= WHAT NEEDS TO BE DONE =
Could you give the listing again exactly, without its pictures?

= PROVIDED RECORDS =
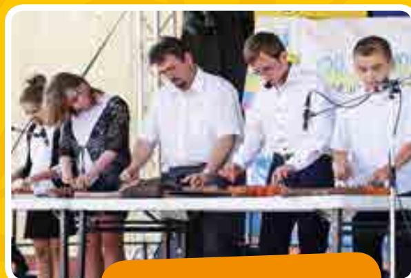
Sokan hallgatták a torockói citerazenekar előadását
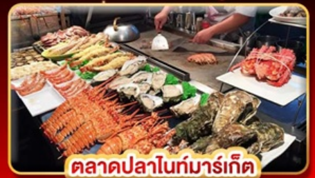
ตลาดปลาไนท์มาร์เก็ต
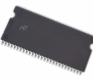
MT48LC32M4A2P-7E:G TR Micron Technology Inc. IC SDRAM 128MBIT 143MHZ 54TSOP
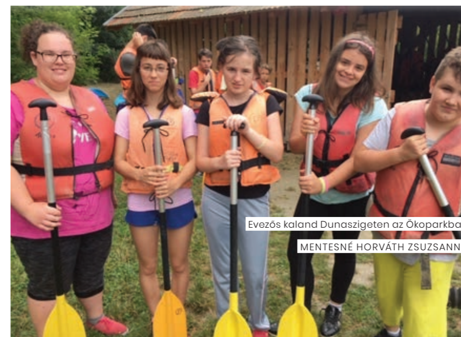
Evezős kaland Dunaszigeten az Ökoparkban
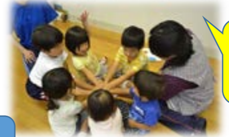
小学生のお兄ちゃん遊びに来てくれた
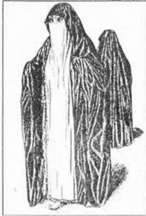
صورة رقم / ٣٨

رجال يتناولون الطعام. وقد وقف أحد الخدم يحمل قلة بها ماء بينما أمسك الخادم الآخر مذبة مصنوعة من السعف لطرد الذباب
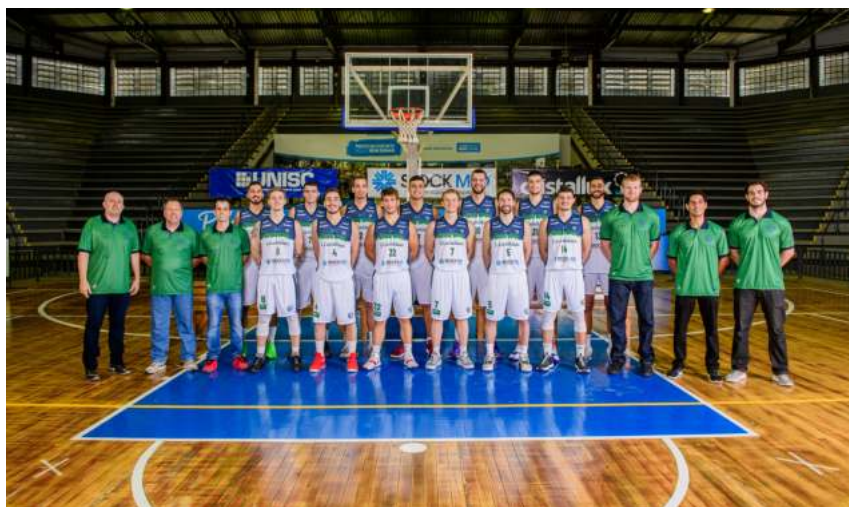
Elenco do Stock Med/União Corinthians que disputou o Brasileirão da CBB
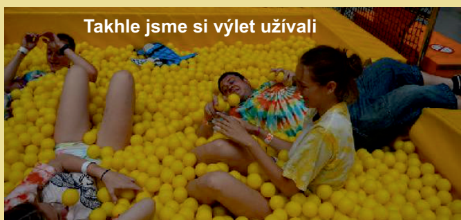
Takhle jsme si výlet užívali
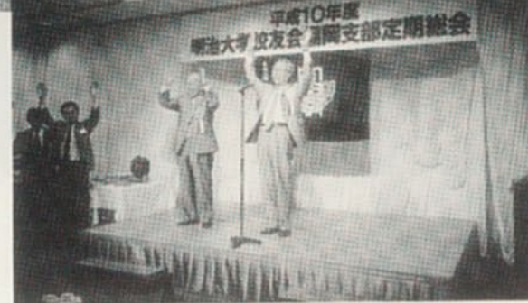
●明治大学万歳 校友会万歳
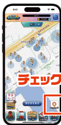
マイホを中心に設定された周辺スポットに訪れてチェックイン。
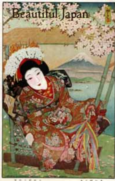
Beautiful Japan 1930
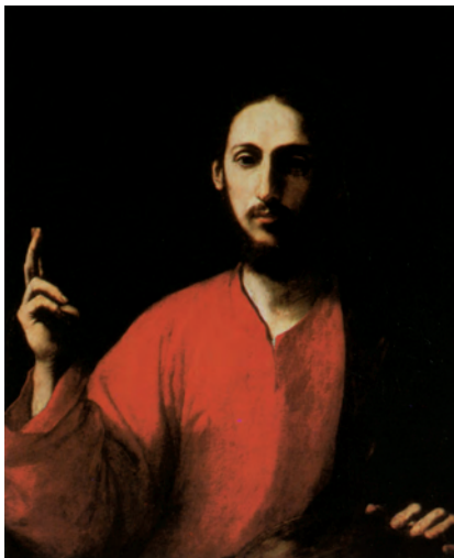
Jesucrist, el Salvador, pintura de José Ribera (1591-1652). Museu del Prado (Madrid)

Ellos salieron a predicar la conversión, echaban muchos demonios, ungían con aceite a muchos enfermos y los curaban.
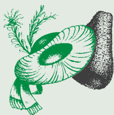
Lia Cultura y Usanzas Sëlva

Chèst ann d'autonn uniràl festejè i 50 ani dla lia. L ideal da ntlèuta va inant nce al didancuei y plu avisa chèl de teni su y valorisé mo de plu nosc bieì guanc dala gherdèina. L program dla festa plu avisa unirà mo fat al savèi.
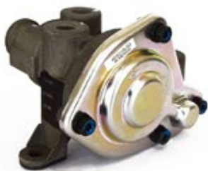
Válvula Relé SR-1

Aplicación: Camiones Americanos - Remolques Código: 286364N - 3H0521H
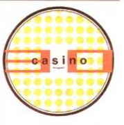
Nicht nur im Jubiläumsjahr engagiert: Casino Bregenz.
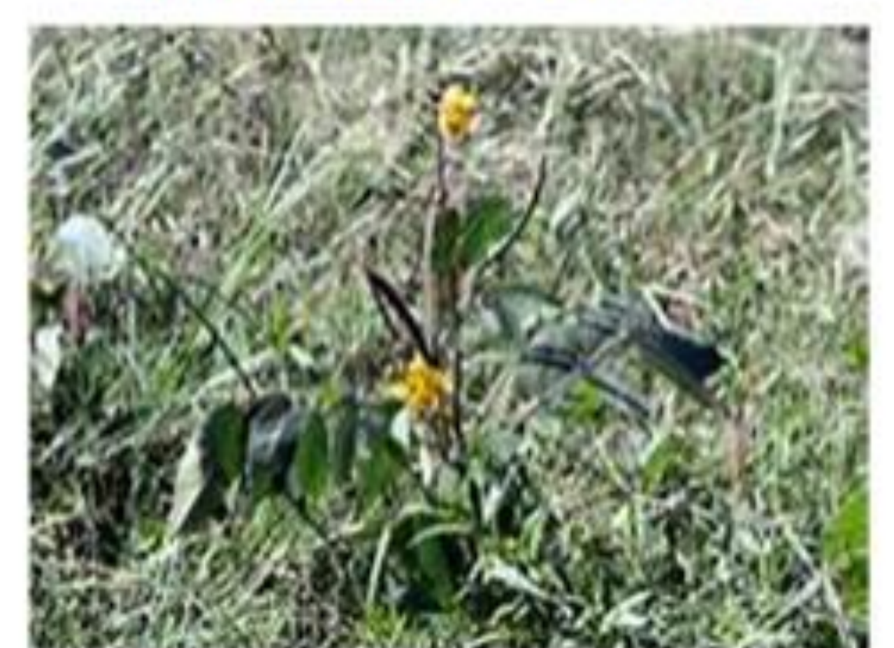
Feuilles de faux kinkéliba

Photo: © Chadare, Banikoara (Benin), Août 2015

= SOLUTION TO THE EXERCISE =
Sokan hallgatták a torockói citerazenekar előadását
ตลาดปลาไนท์มาร์เก็ต
MT48LC32M4A2P-7E:G TR Micron Technology Inc. IC SDRAM 128MBIT 143MHZ 54TSOP
Evezős kaland Dunaszigeten az Ökoparkban
小学生のお兄ちゃん遊びに来てくれた
صورة رقم / ٣٨

رجال يتناولون الطعام. وقد وقف أحد الخدم يحمل قلة بها ماء بينما أمسك الخادم الآخر مذبة مصنوعة من السعف لطرد الذباب
Elenco do Stock Med/União Corinthians que disputou o Brasileirão da CBB
Takhle jsme si výlet užívali
●明治大学万歳 校友会万歳
マイホを中心に設定された周辺スポットに訪れてチェックイン。
Beautiful Japan 1930
Jesucrist, el Salvador, pintura de José Ribera (1591-1652). Museu del Prado (Madrid)

Ellos salieron a predicar la conversión, echaban muchos demonios, ungían con aceite a muchos enfermos y los curaban.
Lia Cultura y Usanzas Sëlva

Chèst ann d'autonn uniràl festejè i 50 ani dla lia. L ideal da ntlèuta va inant nce al didancuei y plu avisa chèl de teni su y valorisé mo de plu nosc bieì guanc dala gherdèina. L program dla festa plu avisa unirà mo fat al savèi.
Válvula Relé SR-1

Aplicación: Camiones Americanos - Remolques Código: 286364N - 3H0521H
Nicht nur im Jubiläumsjahr engagiert: Casino Bregenz.
Feuilles de faux kinkéliba

Photo: © Chadare, Banikoara (Benin), Août 2015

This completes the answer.